Tuesday, April 27, 2010

Toxic Timmy and The Veep In Cheesetopia

Early this afternoon, the Treasury Secretary and the Vice President will make a stop at UW-Milwaukee to sell the President’s financial reform package. And boy, do we need reform.

In many ways, though, it’s politics as usual, with one side lined up against the other, and the last thing we need is politics as usual. Tim Geithner, the Treasury Secretary, is a highly tainted public figure. First, he’s incompetent; second, he’s apparently not very bright; and third, he’s been a “big bank” guy all his life.

Vice-President Biden is pretty much along for the ride.

The proposed reforms, though still very much in-the-making, include a mechanism for liquidating large banks/investment houses that get themselves into trouble; there’d be an entirely new bureaucracy to police lending practices from a consumer standpoint; and a plan to require those insanely risky derivative investments to be traded on open exchanges.

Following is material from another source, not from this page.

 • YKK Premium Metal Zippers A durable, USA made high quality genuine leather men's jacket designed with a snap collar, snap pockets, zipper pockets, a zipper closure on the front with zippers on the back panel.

Most of this stuff is through the House, and the Senate is still tinkering.

Predictably, the Republicans are lined up against the plan, particularly the part that requires the investment houses to spin off their derivates trading operations. And the Republicans pretty much had their way in getting rid of that stupid 50-billion-dollar bailout fund, which I think was put in the legislation simply so the Democrats could “give” on something.

Most people’s eyes glaze over when you start talking about credit default swaps on collateralized debt obligations, but that’s the monkey wrench that brought the giant financial houses to their knees. If you believe what people like author Michael Lewis (“The Big Short”) say about it, the top echelon of executives in the big financial outfits really didn’t understand the tremendous risks their derivatives traders were taking.

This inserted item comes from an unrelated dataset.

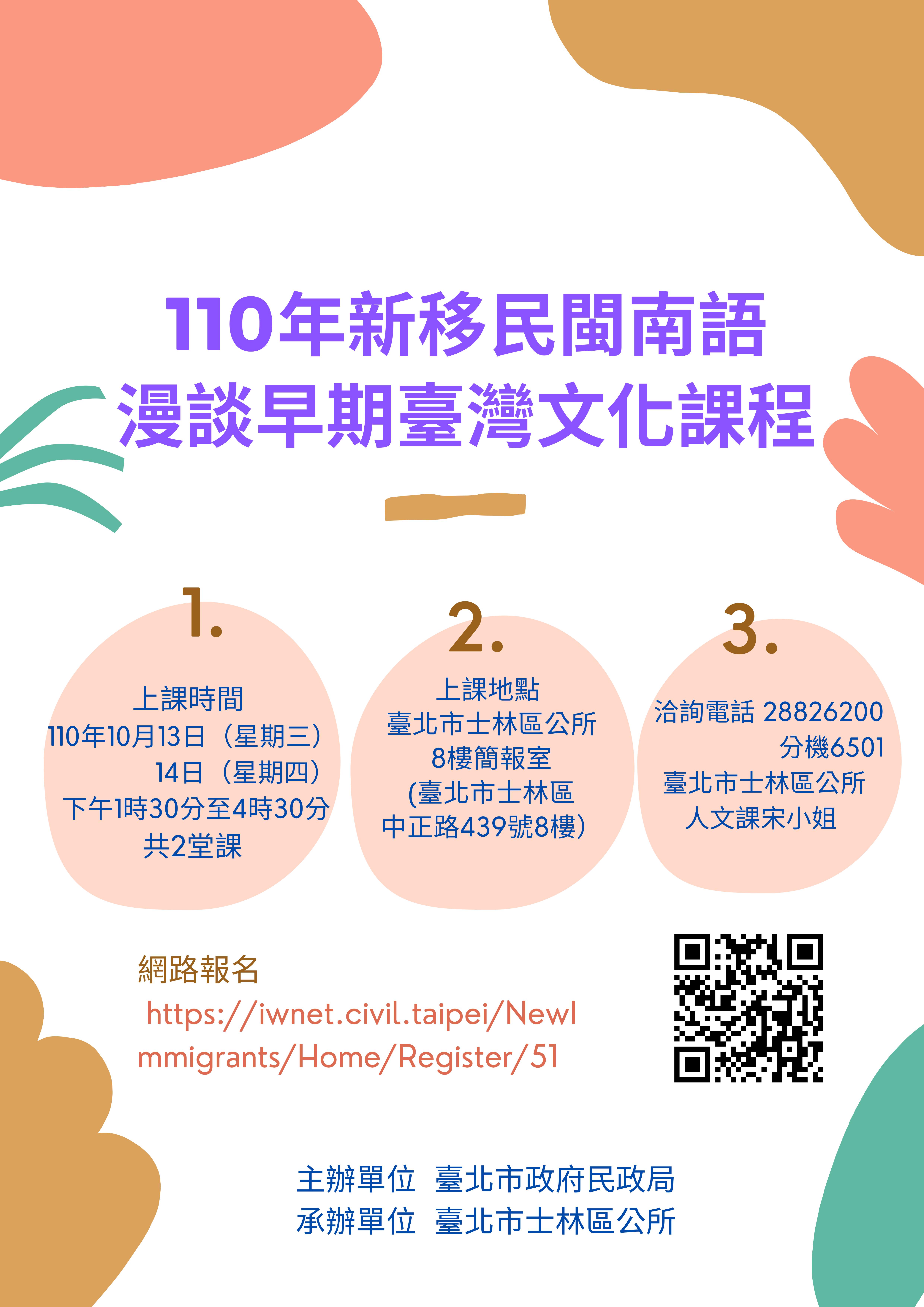 【轉知】士林公所閩南語漫談早期臺灣文化課程

In common parlance, these traders had their companies on the hook for billions and billions and billions of dollars of risk, which the top execs had no idea about. And so much of it was done “off the books” that it’s hard to get a clear picture of the staggering amounts of money involved.

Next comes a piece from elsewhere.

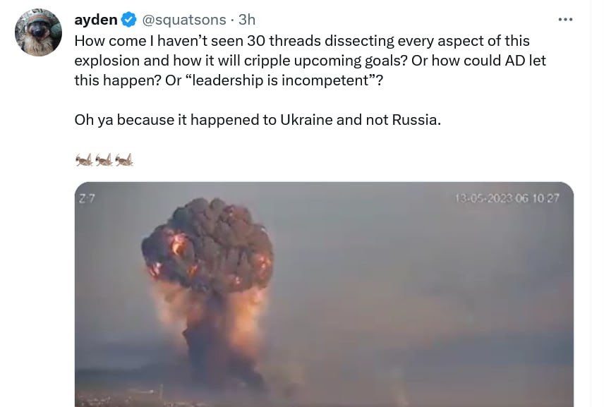 Ceci pour illustrer le prochain point que je souhaite soulever, à savoir qu’il y a beaucoup de « biais de récence » qui entre dans les attaques d’hier contre la flotte aérienne russe. Soudain, il y a de la tristesse et l’essaim typique et attendu de « trolls inquiets », etc. Mais beaucoup de gens oublient rapidement à quel point les dégâts que la Russie inflige quotidiennement à l’Ukraine sont considérables. L’estimation du coût de la frappe susmentionnée de Khmelnitsky à elle seule serait de plus de 500 millions de dollars, selon Basurin de la RPD et d’autres sources.

Pretty much all we know for sure is that you and me, and our grandchildren’s children are on the hook for bailing them out, with no reasonable expectation right now that it won’t happen again. After the meltdown and the bailout, the big banks and investment houses simply went back to doing what they were doing, because there were no strings attached to the bailout money, and no regulations in place to stop them or even effectively monitor them.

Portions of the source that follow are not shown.